Archive for November 3rd, 2022

Cann’s Principles of Molecular Virology, 7th Edition – revised by Ed Rybicki

3 November, 2022

In August 2019, Kattie Washington of Elsevier’s Cambridge MA office wrote to me to inform me that Alan J Cann had declined to develop the 7th Edition of his long-running franchise, and had suggested that I revise it instead. This was most unexpected and a signal honour, as I was of the opinion since the 1st Edition (in 1993) that this was the first Virology textbook that organised things they way I had in my lectures since the early 1980s – that is, he described viruses and how they work in a comparative way, from first encountering a host cell, through replication and expression, to exiting the cell – and I had avidly subscribed to subsequent editions and recommended it to my Virology classes.

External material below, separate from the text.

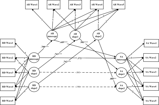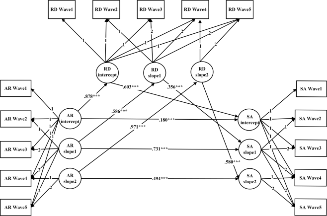 近期,西南大学365上市公司(英国)集团夏凌翔教授课题组在《Journal of Youth and Adolescence》杂志(中科院一区)上在线发表了一篇题为“Serial Cascade Effects of Relative Deprivation and Anger Rumination on the Development of Social Aggression Over 2.5 Years in Emerging Adults”的学术论文来探讨这一问题。通过对一般攻击模型(Anderson & Carnagey, 2004;Anderson & Huesmann, 2003)和情绪级联模型(emotional cascade model; Selby et al, 2008; Selby et al, 2009)进行整合与扩展,该论文提出了解释攻击发展的“攻击的级联模型”(serial cascade model of aggression),并实施了为期2.5年的5次纵向调查来检验该模型。该调查共招募了来自五个地区六所大学的1113名中国大学生(平均年龄18.95岁±0.96,63.10%为女性),结合潜在增长模型(latent growth curve model,LGCM)和交叉滞后模型(cross-lagged panel model,CLPM)两种模型对社会攻击的发展机制进行探讨。结果(参见图1-图3)发现:(1)相对剥夺、愤怒沉浸和社会攻击存在共同发展的关系。(2)相对剥夺和愤怒沉浸可以预测社会攻击的纵向变化;同时相对剥夺与愤怒沉浸的纵向变量是相互预测的。(3)愤怒沉浸的发展轨迹和纵向变化中介了相对剥夺的发展轨迹和纵向变化对社会攻击的发展轨迹和纵向变化的效应。相对剥夺的发展轨迹和纵向变化中介了愤怒沉浸的发展轨迹和纵向变化对社会攻击的发展轨迹和纵向变化的效应。

I was getting along quite well by early 2020, and I see Elsevier had even put up a pre-order page promising publication by June 2021: this of course did not happen, for a number of reasons – chief among which were that The Good Wife and I were running the Virology Africa Conference in February 2020 in Cape Town, that the COVID-19 pandemic was declared shortly thereafter, and that I unexpectedly became Head of our Molecular and Cell Biology Department in mid-2020. Accordingly, I ended up during a hard lockdown in South Africa not only trying to remotely manage a biggish Department, but also trying to convert 40+ undergraduate lectures into narrated Powerpoint AND video AND PDF presentations to fulfill my teaching obligations, that I had stupidly not minimised when I became HoD.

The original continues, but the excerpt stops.